When the Civil War ended in 1865, the Army returned, but Indian attacks were still a constant danger.
The incessant fighting with the white man gradually reduced the number of Apaches. By 1886 a small band led by famed Apache warrior Geronomo was just about all that was left. And Geronomo was getting desperate.
In April 1886, A.L. Peck and his assistant Charles Owen were about two miles up a canyon from Peck’s ranch house on the Agua Fria in the southeastern part of the Oro Blanco Mining District (OBMD). Raiding Apaches surprised them. The Indians quickly shot and killed Owen. The raiders captured Peck, tied him up, kept him under guard for an hour, and then, strangely, released him. When he rushed back to his house, he found his wife and 11-month old baby brutally murdered and his 12-year old niece Jennie taken into captivity. Two weeks later a group of cattlemen found Jennie’s body near Peck’s ranch. Her head had been smashed with rocks.
A few months later in July 1886, Apaches attacked John Bartlett’s cattle ranch in Bear Valley, nine miles southeast of Oro Blanco village. A friend and neighbor of Bartlett’s, John Shanahan, with his ten-year old son Phil, had just stopped to visit. The Apaches grievously wounded John Shanahan right away. Bartlett sent Shanahan’s young son Phil to warn his mother and sister at their home and sent his own nine-year old son Johnny on a run for help to the village of Oro Blanco. Bartlett, with a shoulder wound, tended John Shanahan and continued to fight off the Indians.

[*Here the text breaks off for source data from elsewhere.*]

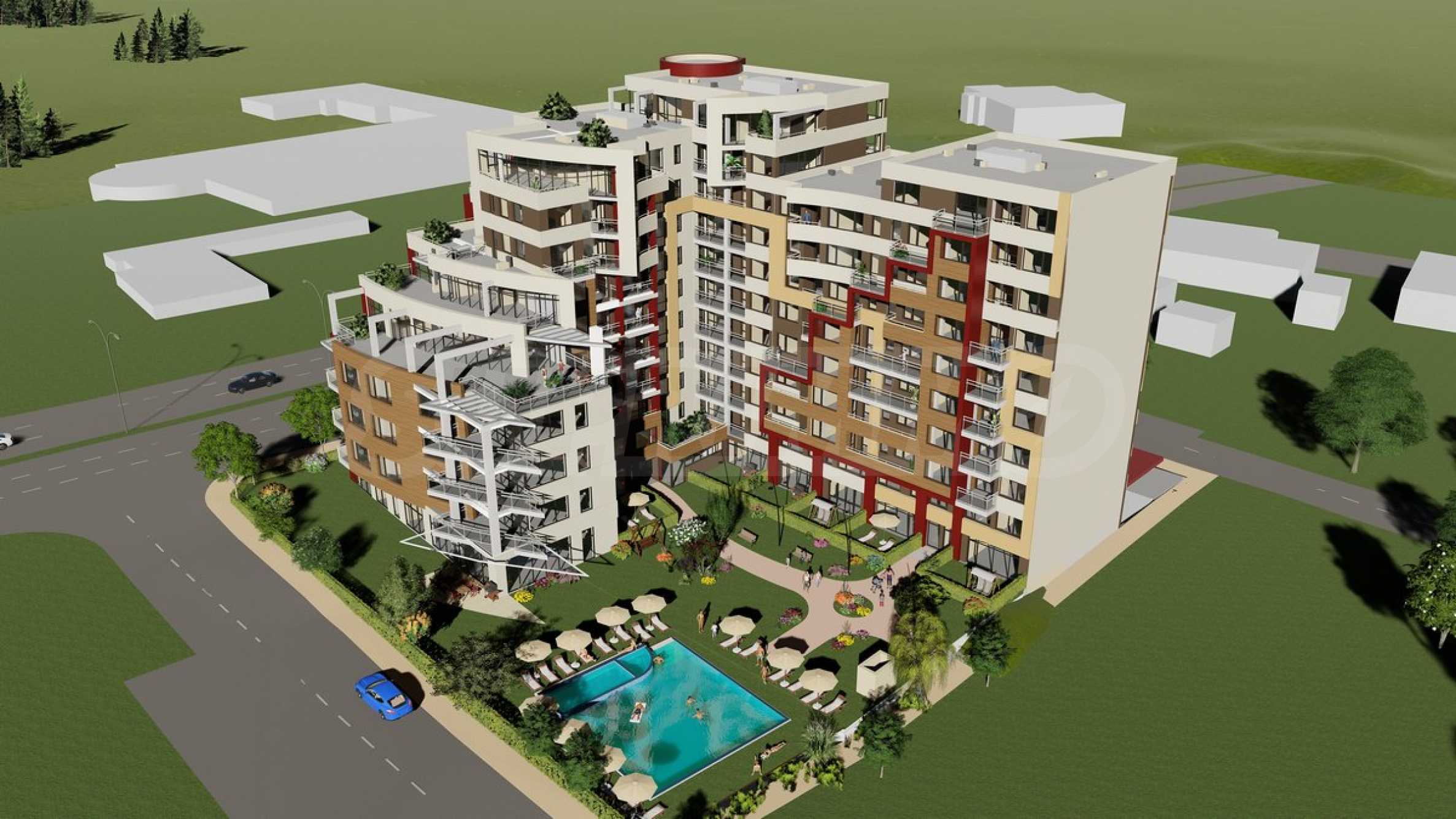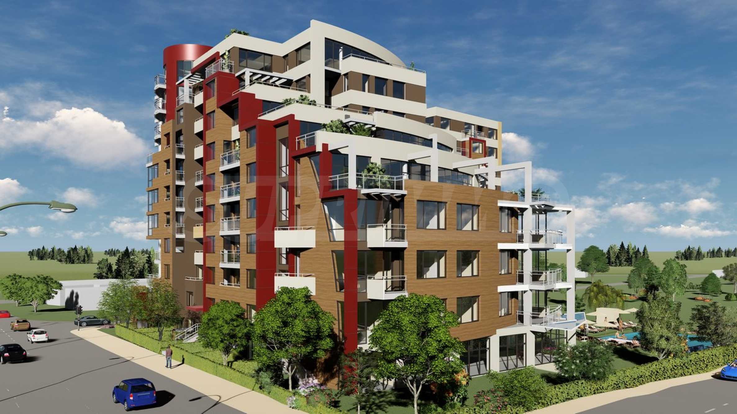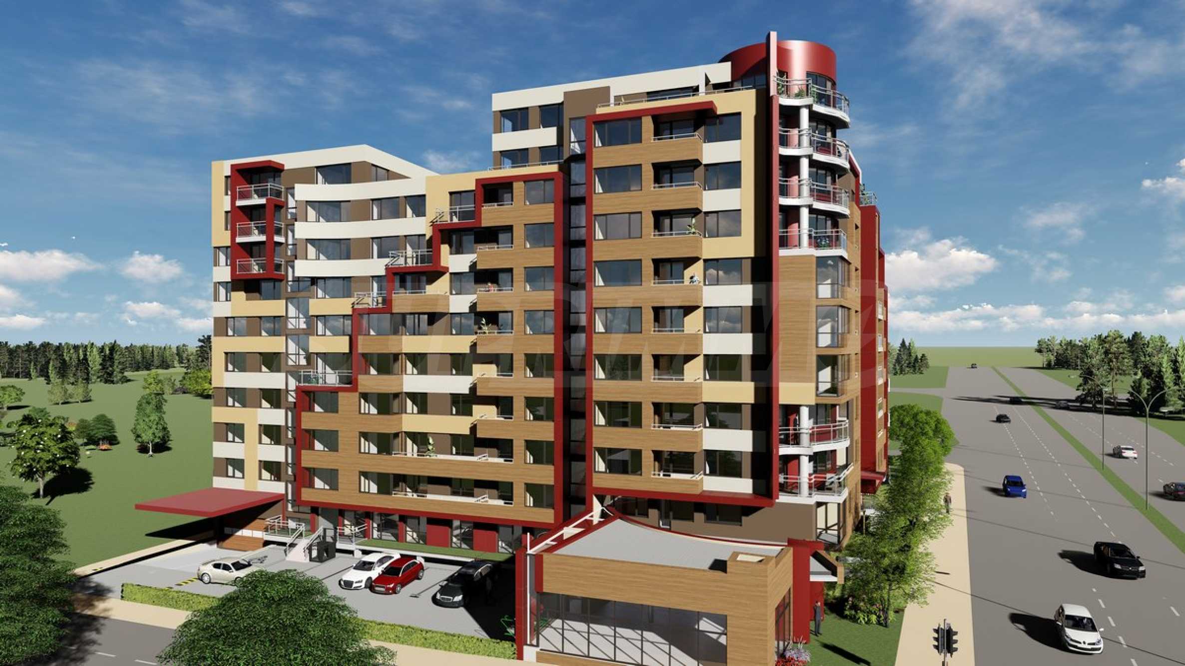 The building is located on a plot of 3788 square meters, and according to the project, over 40% of the plot area is for landscaping. The structure is a terraced L-shaped structure that rises from four stories to ten. Stage-1 is designed by four entrances with a total of 129 nos. residences and studios, with provided amenities: reception, beautiful private park with paths, swimming pool, gym and sauna, dentist's office, office and shop.
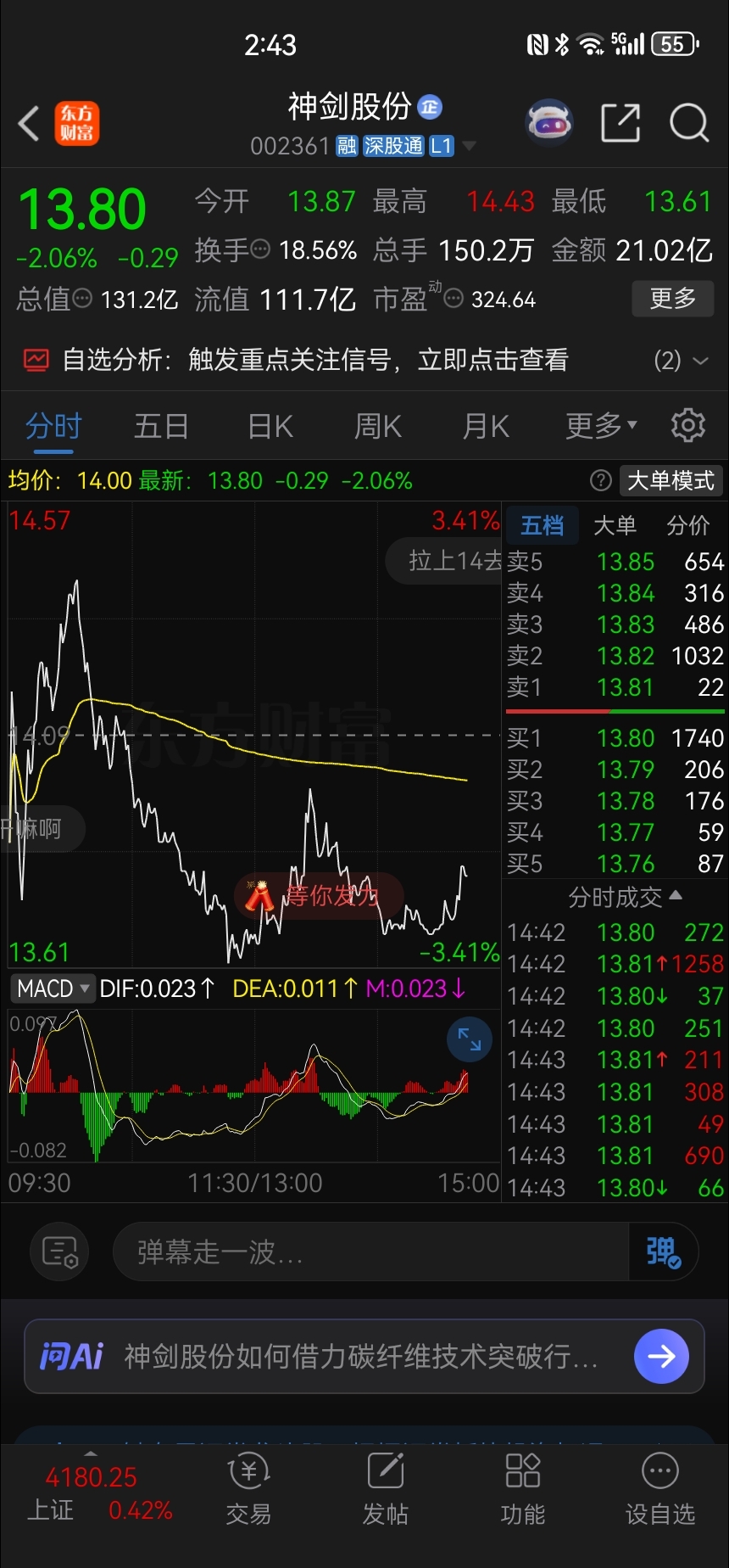 $神剑股份(SZ002361)$ 画了个线,漂亮
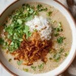 The dish is served in a white bowl with a brown rim, placed on a beige cloth. It has three main layers: at the base is a light beige creamy broth with a smooth texture, partly covering white steamed rice in the center. On one side of the rice, there is a layer of golden brown crispy fried onions with a crunchy texture. The whole dish is topped with bright green fresh cilantro leaves and thinly sliced green spring onions scattered evenly. Small drops of dark brown oil add a shiny contrast on the broth. Photo taken with an iphone --ar 4:5 --v 7
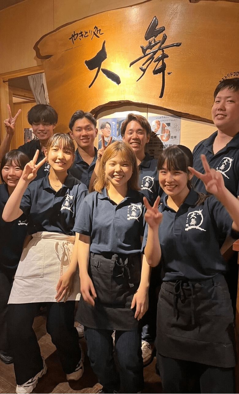 活気溢れるスタッフが笑顔でお迎えします。どうぞ美味しい焼き鳥を味わい、癒されて下さい。

Phil Shanahan reached home in time to warn his Mother and sister. Shanahan’s family fled to the mountains, leaving all of their clothes and possessions in the house. The Apache raiders then attacked the house and destroyed everything.
Meanwhile, Johnny Bartlett successfully reached Dr. Adolphus Noon’s house in the village of Oro Blanc. An armed party returned to Bear Valley where they found the Indians gone and John Shanahan dead. Fifty-seven year old Bartlett survived his shoulder wound to live and work in the OBMD for another 20 years, until his death in 1906 in a wagon accident.
Local residents celebrated young Phil and Johnny as heroes of the Bear Valley raid.
Shanahan left his family (a wife, two daughters, and two sons) destitute. Friends of the family made appeals for charitable donations in Oro Blanco village, Arivaca, and as far as Tucson. The people of Oro Blanco village raised $50.
Finally, in September 1886, Geronomo and the remaining Apache surrendered. The constant fear of Indian attack was over.
(Sources: Tom Bahti, Southwestern Indian Tribes; John P. Wilson, Islands in the Desert; Mining and Scientific Press; Arizona Daily Star; Arizona Citizen)
|Photo of Geronomo
Camillus Sidney Fly took this photograph of Geronomo (third from left) and family in Mexico in March 1886, only a month before the Apaches raided A. L. Peck’s ranch in Oro Blanco.